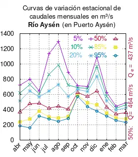 El caudal del río (en un lugar fijo) varía en el tiempo, por lo que existen varias formas de representarlo. Una de ellas son las curvas de variación estacional que, tras largos periodos de mediciones, predicen estadísticamente el caudal mínimo que lleva el río con una probabilidad dada, llamada probabilidad de excedencia. La curva de color rojo ocre (con ) muestra los caudales mensuales con probabilidad de excedencia de un 50%. Esto quiere decir que ese mes se han medido igual cantidad de caudales mayores que caudales menores a esa cantidad. Eso es la mediana (estadística), que se denota Qe, de la serie de caudales de ese mes. La media (estadística) es el promedio matemático de los caudales de ese mes y se denota .
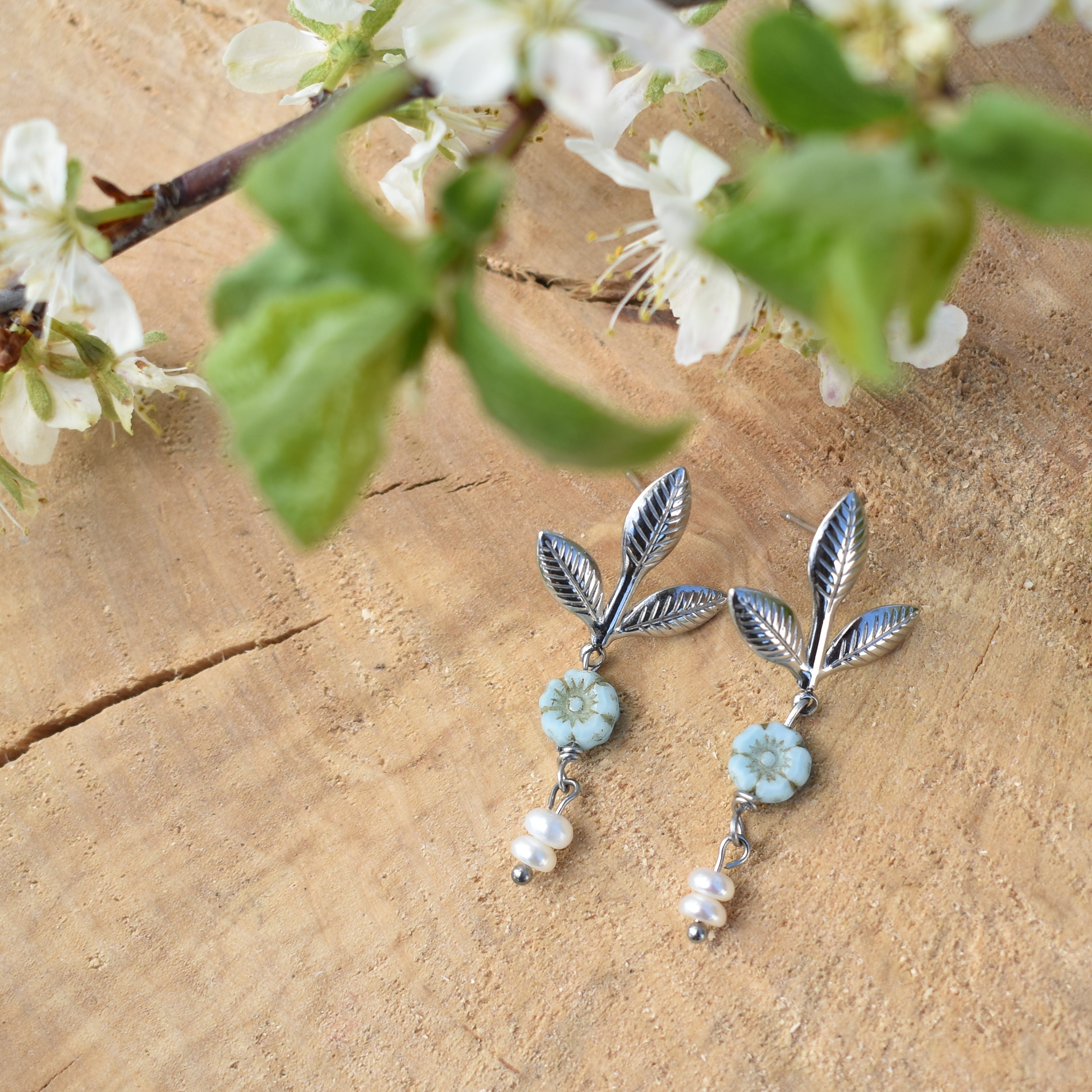 Lístky z nerez oceli, doplněné zavěšeným kvítkem z českého skla.
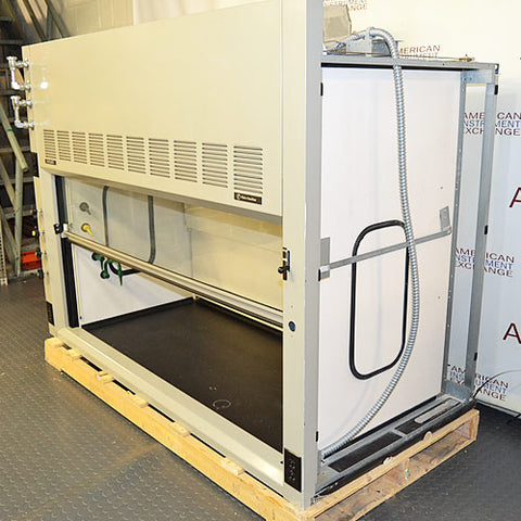Most of our equipment is used and reconditioned. Our technicians inspect all fume hoods to make sure that the baffles are present and intact, the interior lights are functioning, and that the sash is intact and runs smoothly on the tracks along with the counterweights. We can also provide information on the fixtures installed on each hood. Please note that we do not provide blower motors with fume hood sales. For more information on blower motor selection please feel free to call or email us; we recommend speaking with an HVAC specialist regarding your particular motor needs.
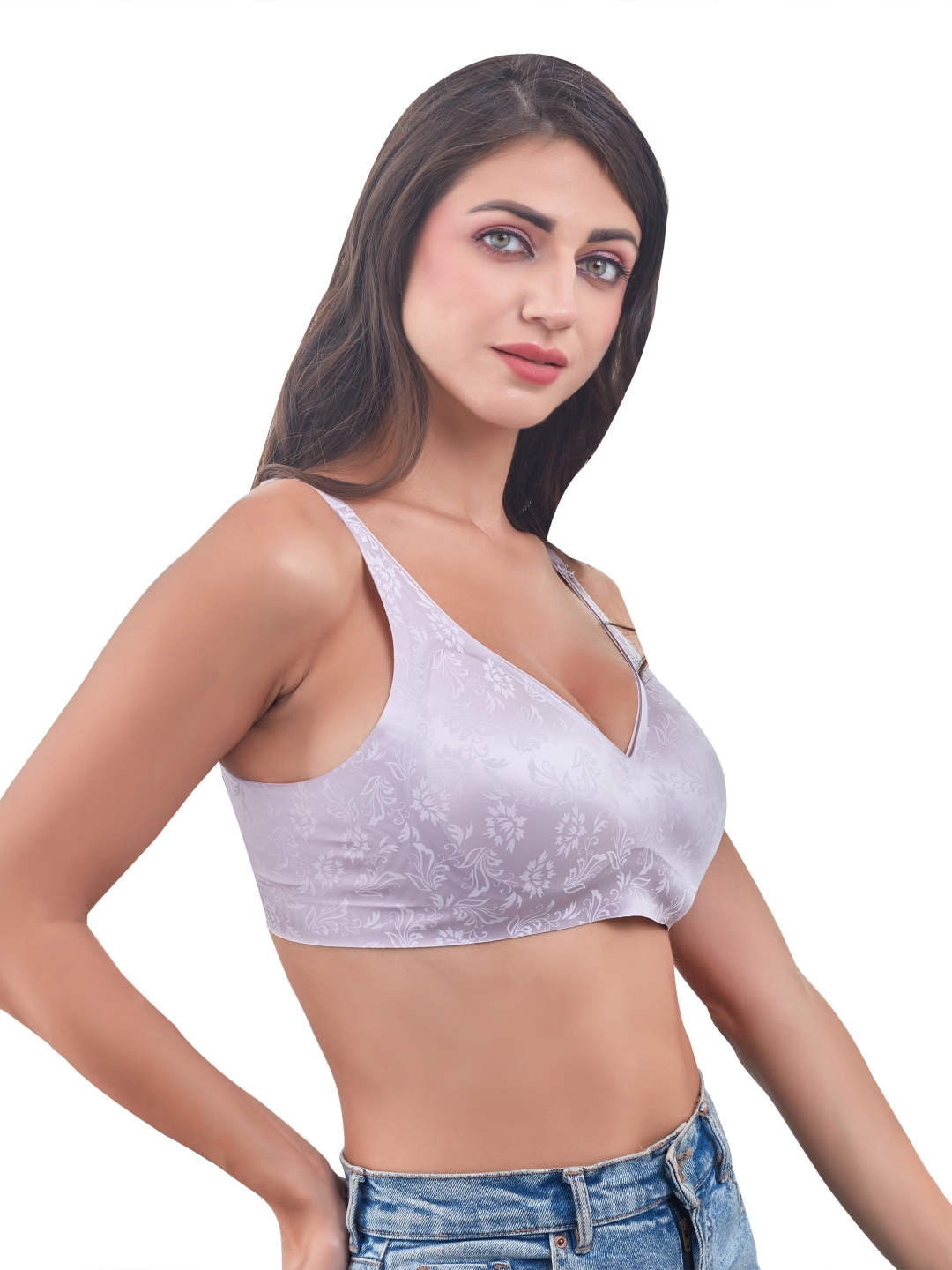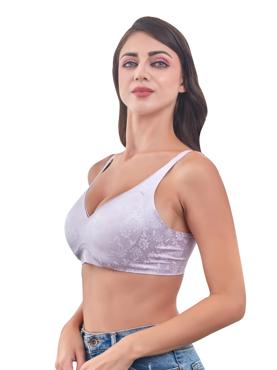 Innervibe 09 blends elegance and comfort with its beautiful floral-patterned fabric and smooth molded cups.

**Task to carry out:** In the answer, give only the lines from the top of the data above through the line with "Lístky z nerez oceli, doplněné", reproduced exactly; no picture may appear.

**Response area:**
 El caudal del río (en un lugar fijo) varía en el tiempo, por lo que existen varias formas de representarlo. Una de ellas son las curvas de variación estacional que, tras largos periodos de mediciones, predicen estadísticamente el caudal mínimo que lleva el río con una probabilidad dada, llamada probabilidad de excedencia. La curva de color rojo ocre (con ) muestra los caudales mensuales con probabilidad de excedencia de un 50%. Esto quiere decir que ese mes se han medido igual cantidad de caudales mayores que caudales menores a esa cantidad. Eso es la mediana (estadística), que se denota Qe, de la serie de caudales de ese mes. La media (estadística) es el promedio matemático de los caudales de ese mes y se denota .
 Lístky z nerez oceli, doplněné zavěšeným kvítkem z českého skla.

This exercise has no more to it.